Core Concepts
Deep neural networks can be effectively represented and analyzed as complex networks, providing insights into their internal dynamics and decision-making processes beyond the traditional input-output relationship.
Abstract
This paper proposes a unified framework for representing and analyzing deep neural networks (DNNs) through the lens of Complex Network Theory (CNT). The authors introduce and formalize a set of CNT metrics that can be applied to various DNN architectures, including Fully Connected (FC), Convolutional Neural Networks (CNNs), Recurrent Neural Networks (RNNs), and AutoEncoders (AEs).
The key contributions are:
Extension of existing CNT metrics to account for the effect of input data, moving beyond a purely topological analysis. The new metrics include Neurons Strength and Neurons Activation, which capture the influence of the input distribution on the network's internal dynamics.
Adaptation of the CNT metrics to handle the unique characteristics of CNNs and RNNs, which leverage architectural inductive biases like local connectivity and sequential processing.
Extensive experiments on MNIST and CIFAR10 datasets, analyzing the patterns and trends observed in the CNT metrics across different architectures, activation functions, and network depths.
The results reveal distinct dynamics and training patterns for the various DNN architectures. For example, CNNs exhibit localized learning through multimodal Nodes and Neurons Strength, while AEs in deeper models suggest learning dynamics that diverge from shallow architectures. The authors also find that non-linear activations lead to asymmetric distributions, enabling complex pattern learning.
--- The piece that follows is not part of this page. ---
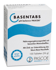 BASENTABS pH-balance PASCOE® sind ein mineralisches Nahrungsergänzungsmittel mit Zink. Die ausgewogene Basenmischung aus Bicarbonaten und Carbonaten enthält Calcium, Magnesium und Natrium und wirkt dadurch unterstützend bei erhöhter sportlicher Aktivität. Die kleinen geschmacksneutralen Tabletten sind zucker-, lactose- und glutenfrei, frei von Aroma-, Farb- und Konservierungsstoffen.
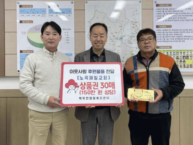 [NWS¹æ¼Û=Çѽ¸ñ ±âÀÚ]¿¬Ãµ±º ¹éÇÐ¸é ³ë°îÁ¦Àϱ³È¸´Â Áö³­ 4ÀÏ ¹éÇиéÇàÁ¤º¹Áö¼¾Å͸¦ ¹æ¹®ÇØ ¼³ ¸íÀýÀ» ¸Â¾Æ ¼Ò¿Ü°èÃþ¿¡°Ô Àü´ÞÇØ´Þ¶ó¸ç ³óÃÌ»ç¶û»óǰ±Ç 150¸¸ ¿øÀ» ±âŹÇß´Ù.

Overall, the proposed framework provides a method rooted in physics for interpreting DNNs, offering insights beyond the traditional input-output relationship and the topological CNT analysis.
Stats
The authors report the following key statistics:
For Fully Connected networks, there is an abundance of negative or close to zero weights, indicating an over-parametrized network.
Convolutional Neural Networks exhibit multimodal Nodes and Neurons Strength, suggesting localized learning of patterns like edge detection.
Recurrent Neural Networks show a pronounced Kurtosis in the Neurons Strength distribution, and their Neurons Activation is distributed not just at the extremes of the sigmoid function, but also significantly in the middle.
Deeper AutoEncoder architectures do not seem to leverage the same "building blocks" as shallow models, suggesting that data compression is a dynamic process heavily influenced by the number of layers.
Quotes
"CNNs' Neurons Activation centres around zero, with low variance compared to other architectures. Conversely, non-linear activations skew the distribution of the metrics toward zero. Both ReLU- and sigmoid-activated networks leverage negatively activated neurons to discriminate between different classes."
"Unlike FCs and RNNs, CNNs with non-linear activations learn discriminative patterns for classification, mostly in negative regions of the activation function."